In totk I wanted to explore as early as possible so I didn't know the glider was still in the game until I got to a tower without it. I just figured with all the new travel options they figured it wasn't needed anymore
Jedi: Fallen Order
First whole play through on Jedi Master (hard) difficulty and didn’t collect a single extra stim so just had the two you start with
There's this game called Arc Rise Fantasia for the Wii that's mechanically interesting with the worst English dub known to the English. I got far enough to where something happens to half the party and they're no longer usable. I had really only been leveling those characters and soft locked myself into a really hard boss fight. I was praying for a force-lose boss but all I got was the game over screen.
This is fairly recent, but I was playing through a good chunk of Zelda TotK after the training area without the glider.

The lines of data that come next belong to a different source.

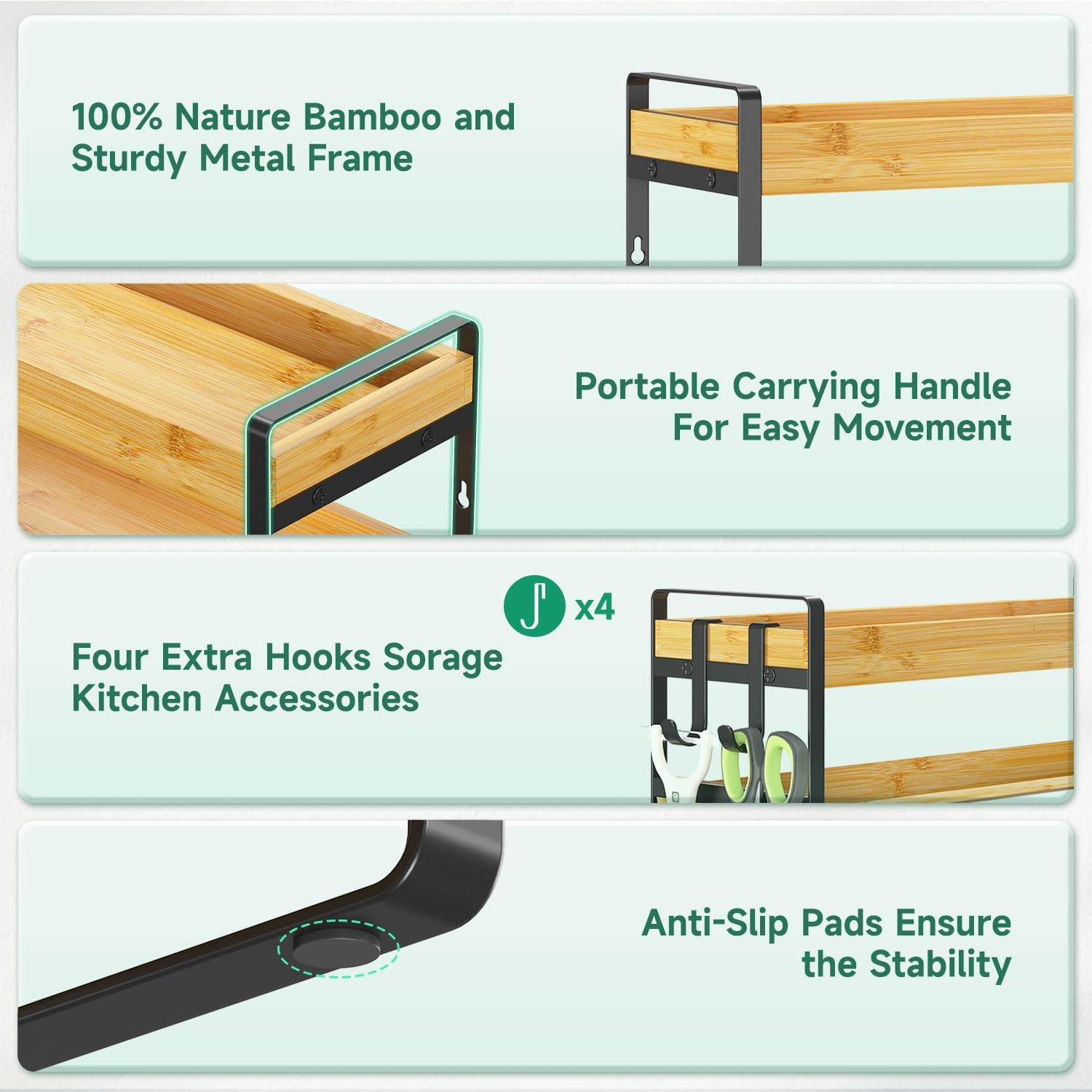 - 4 Hooks & Anti-Slip Pads: Comes with 4 movable hooks to hang kitchen utensils and 4 anti-slip pads to keep the pantry spice rack organizer stable and protect your surfaces from scratches and shifting
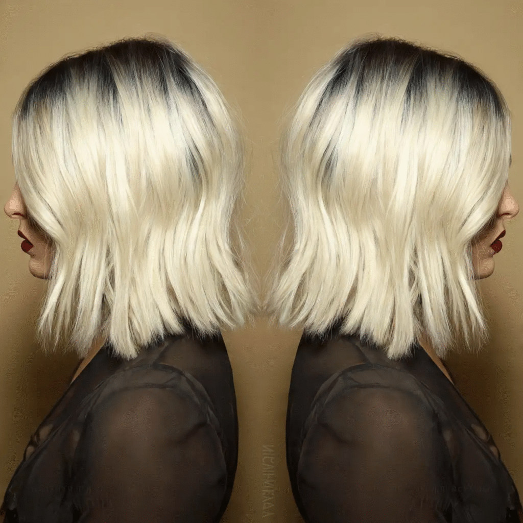For a dramatic yet subtle look, platinum blonde tips on black hair can be stunning. The icy blonde highlights create a sharp contrast with your black roots, giving the hair a striking, fashion-forward finish. Don’t worry—it’s still subtle enough to wear day-to-day.
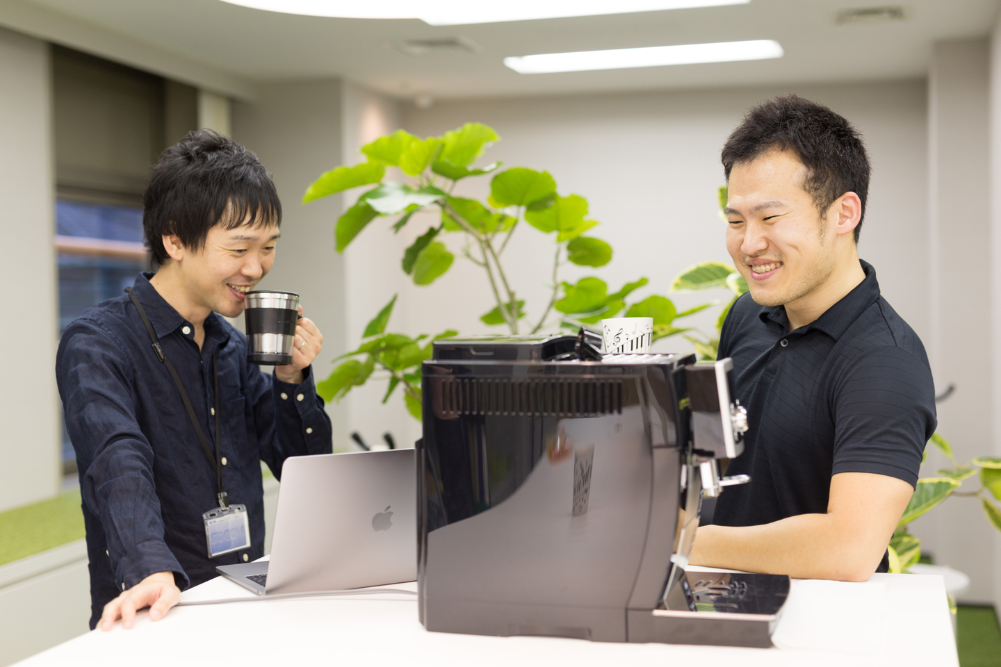 わが社の宝物、デロンギのそばで休憩をとる渡邊さん(写真左)。
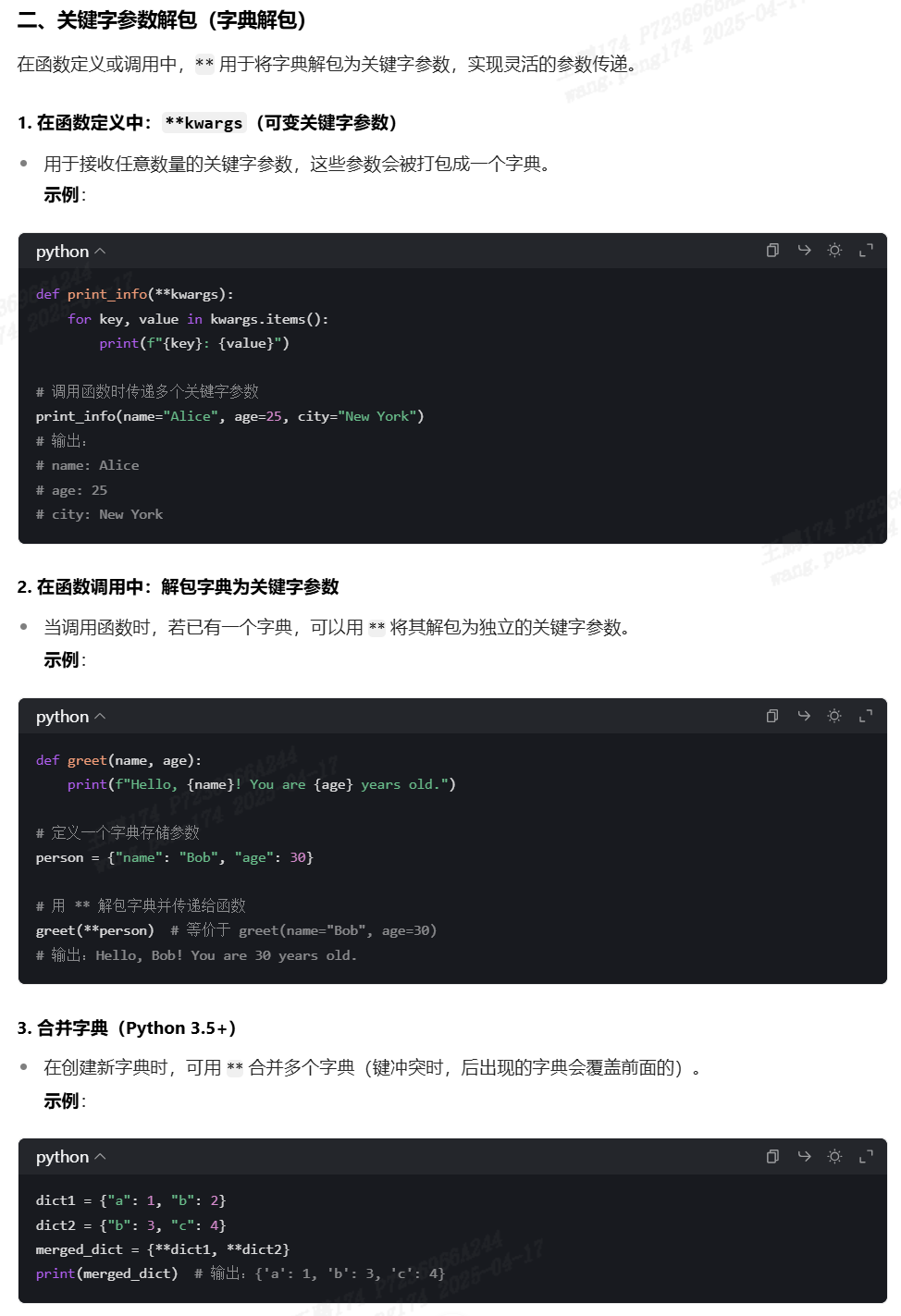 要理解 func(*args, **kwargs) 的传参逻辑,核心是区分 函数定义时 和 函数调用时 这两个场景 —— 两者都用到了 * 和 **,但作用完全相反:定义时是「打包参数」,调用时是「解包参数」。示例:
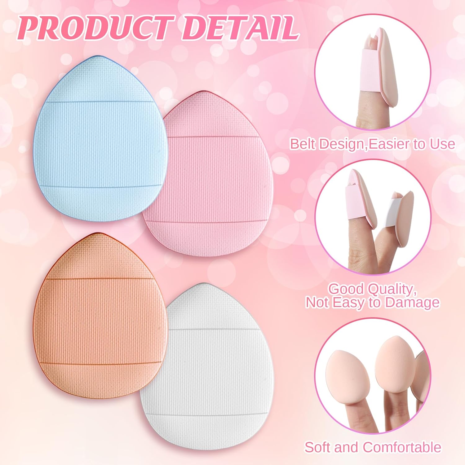 【Mini Size Design】Each makeup puff measures approximately 1.57 x 1.18 inches (4 x 3 cm), thickness: 7mm/0.27inch, fitting perfectly on your finger. This mini size allows for precise application, especially in detailed areas like under the eyes, nose sides, and eyelids.
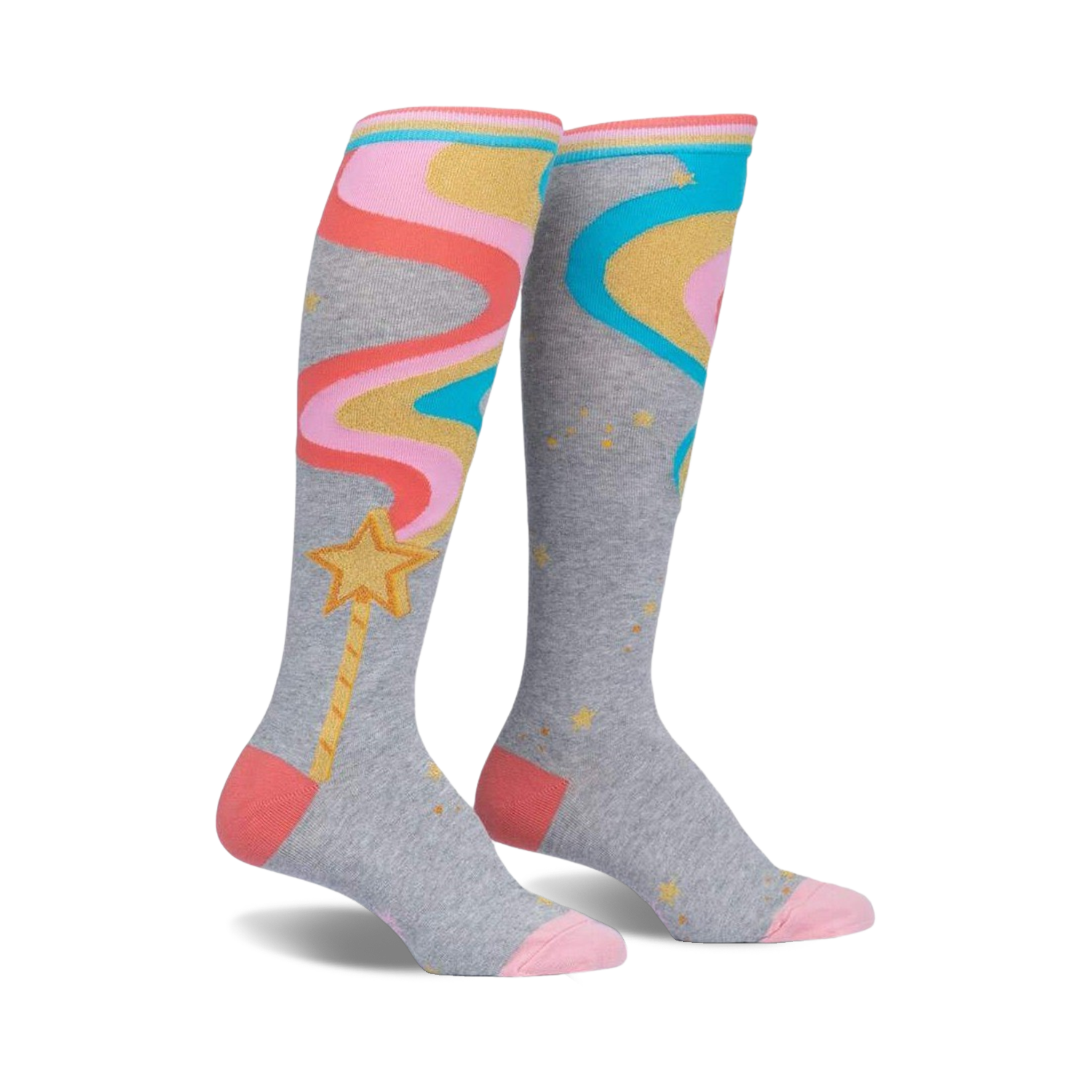 Radiate sass with these striking cosmic knee-highs. With their vibrant pink and yellow stripes, gray background adorned with twinkling stars, and a dash of rainbow magic via the shooting star motif, they'll have you strutting with celestial style. Be the shooting star in your style constellation with our It's Magic knee-highs!

I thought going towards the castle was supposed to be towards the end, so I wound up crawling up the great plateau to the old temple of time hoping to find it.
I was trying to play without spoilers, but luckily a friend set me in the right direction
The glider placement was a lot less obvious in TOTK for sure.
Similarly, I was completely ignorant about what the chasms were for until 2 days in when my friend casually drops that she's been exploring [redacted because spoiler markdown isn't working for me] and I went "Wait, there's a WHAT?"
I'd missed a pretty critical side quest and I probably wouldn't have noticed if my friend hadn't told me.
Times like these are when our inclination to ignore quests for later really bites us in the behind...
I also ignored them for way too long.
When I finally decided to drop down and discovered the old mine with everything else that place has to offer (trying not to spoil), I was a bit pissed for not exploring earlier.
It also took me waaaay to long to realize the maps are "connected" and so are shrines/lightroots...
Just randomly noticed it after probably 50 hours in-game
If you follow the side quest introducing that area, I think there's an NPC that mentioned that tidbit. Though, my friend didn't remember that until I brought it up too, so you may have just not encountered it.
I was playing ESO for some time, finding antiquities by simply trying to find the excavation site by sight. Little did I know that there was a collectible that you can equip that point to its exact location.
I changed my control scheme in rocket league like 1k hours in. Really needed the ability to boost while jumping among other things. It was a totally brutal transition, but I'm glad I did it.